Now apart from a disastrous meal or two at his restaurants, I have to say I rather like his cooking.  And in fairness, it;s a long time since he was just a chef...he's quite a campaigner.  I think generally he has quite a lot (of good things) to say.

Unfortunately, I think what he is saying is both probably right, and probably quite dangerous.  He is 'bang-on' in saying the two major parties are occupying the same centrist ground...and have done for quite some time.  Just before the last election I went to a presentation where the economic policies of the two parties were analysed in depth.  The difference in their spending forecasts was around £5bn.  Now whilst that sounds a lot and is a little more than you and I take home every week, it is in fact a tiny, tiny, tiny amount when on an annual basis the government spends £720 bn per annum or there abouts. If my maths is right, we're talking less than 0.2%.  So whilst the Tories like to portray themselves as the politicians who are careful with our money, in fact they're no different to the Ed Miller Band.  And vice-versa.  my best guess is that The Eton Rifles are much more likely to stick to their guns because they have an elitist view that they and they alone know what's best, whereas Ed's gang would probably have wavered.

Jamie suggests that people like clarity and single-mindedness...he may be right...although many would argue that the current bunch in charge have acted with single-mindedness.  What I think, and have said before, is that people appreciate leaders with vision.  And that is where the current political generation is lacking.  The concept of vision.  What is Britain's role in the world, how should our society be shaped, what sort of communities do we want to live in...not just now but in 25 years time.  If a political party could and would shape that vision, I suspect they would garner enormous support...with a few enemies.

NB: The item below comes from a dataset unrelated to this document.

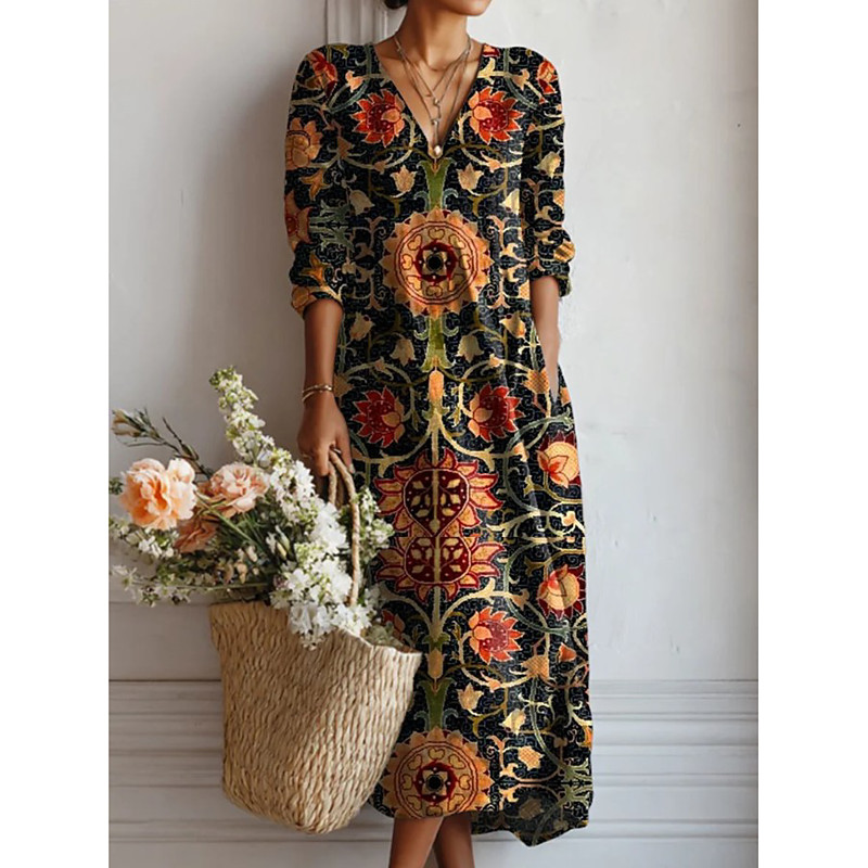 Women's Maxi Dress Sundress A Line Dress Vacation Casual Boho Holiday Regular Fit Floral Graphic Color Block Long Sleeve V Neck Blue Black Orange Summer Spring

But until then, the danger is that crackpot organisations like UKIP will focus on a few populist policies and actually prevent a new order emerging.

Monday 13 May 2013

Sore loser

I have a feeling David Cameron is being hoisted.  Having said that he wants to renegotiate Britain's membership of the EU and then hold a referendum on it, a whole host of Tory Grandees and senior ministers are just manoeuvring just to have a referendum.  Almost certainly the result would be a British exit from Europe.  Cameron thought he was being clever, but really he's just a little boy playing with men's toys.  Useless, useless little man.

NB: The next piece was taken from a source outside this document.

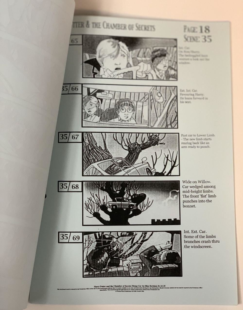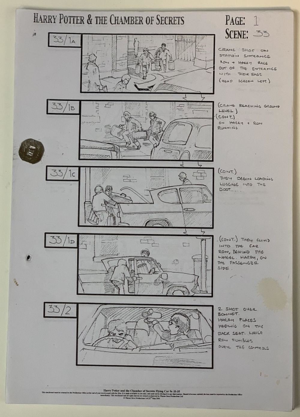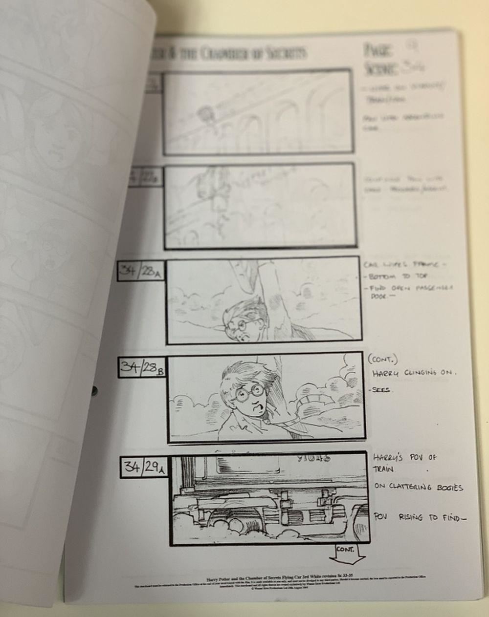 Original set of 30 pages of production used storyboards (Prints) used in the fantasy film Harry Potter and the Chamber of Secrets (2002), directed by Chris Columbus, where an ancient prophecy seems to be coming true when a mysterious presence begins stalking the corridors of a school of magic and leaving its victims paralyzed.

We bought a 'dock' for our digital music recently.  Very splendid it looks too.

We chose this one because a) it looks good and b) you can plug in both an iPod and an android phone.  Except we discovered that our iPod is too old to be compatible and the Android connector (if you're not a techy...if you don't have an iPhone, but do have one onto which you can download apps, the chances are that it is an Android phone, probably made by Samsung, Motorola, Sony or LG) just charges the phone whilst the music has to be sent by bluetooth...yes that does sound over-complicated, and yes it's a bit beyond us.  So it's a bit of a white elephant really...

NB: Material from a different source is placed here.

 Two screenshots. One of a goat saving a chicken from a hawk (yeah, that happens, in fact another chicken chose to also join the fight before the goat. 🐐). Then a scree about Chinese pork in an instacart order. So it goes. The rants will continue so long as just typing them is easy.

A little while back I mentioned the new members of the cast here   Well there's been some changes already.  Firstly Mrs Mop has gone.  I don't what we did to upset her, but she decided to not  remain.  Since then the office has deteriorated as no one is clearing up and washing up.

Secondly The Bishop has been renamed to Mrs Sweary Shouty.  In fact she just swears.  Like a trooper.  Enough to make a sailor blush.

New in is Quiet Girl.  She is that.  And very lovely too.

And finally we have Scooter Girl.  Yes she rides a scooter, is a photographer comes from Wales with a broad accent and is very full of life.

So it's all quite fun really.

After the exertions of Friday night it would have been sensible to have had a quiet weekend.Fat chance.  We met The Muffins for lunch.  Naturally I wore my Bradley Wiggins top as I tried not to fall asleep at the table.  The Wicked Witch of The West arrived with Boss...they'd come to collect The Boy as there was a christening to be done down in Buckinghamshire.  At the same time we took the opportunity to talk about arrangements that need to be made now that he's 18 and he is technically responsible for a whole host of things from his mother's estate.  Not taxing at all.

And then last night we went off to see Jack Dee.  I struggle to enjoy stand up just seems odd to sit and watch and listen to one person in the middle of an enormous stage.  But I enjoy Jack Dee's miserable gait and he does his stuff very well so we laughed along for a couple of hours.  His theme was the miserable week he'd had, and he comic observations that permits.  Very good.  Recommended.

The alternative for Sunday evening would have been to go to the BAFTAs.  The Olympic Opening Ceremony was up for an award, but cruelly our hopes were dashed.  I blame that Clare Balding for being exceptionally good throughout the Olympics and Paralympics...a worthy winner.

Sunday 12 May 2013

Cook some

Surprisingly I managed my cycle ride up to Cambridge.  Even more surprisingly I did it about 20% faster than I normally cycle to work...a distance of just 27 km as opposed to the 103 km of this ride.  It took four and a half hours of peddling to complete it in the wind rain and cold.  I have to say I was pretty chuffed with myself, as it wasn't until I'd left the house that I had decided to do it. I think you can see the route if you click here

It was a trip through my own little history.  The start point was just by the changing area for the Olympic Opening Ceremony, and as we peddled through London I went past many familiar sights including my father's old factory.  Later on we went past Audley End...I remember leaving my bicycle there as a young teenager when I went off for a day trip to was just propped against the wall, completely unchained or shackled and still there on my return - would that happen now?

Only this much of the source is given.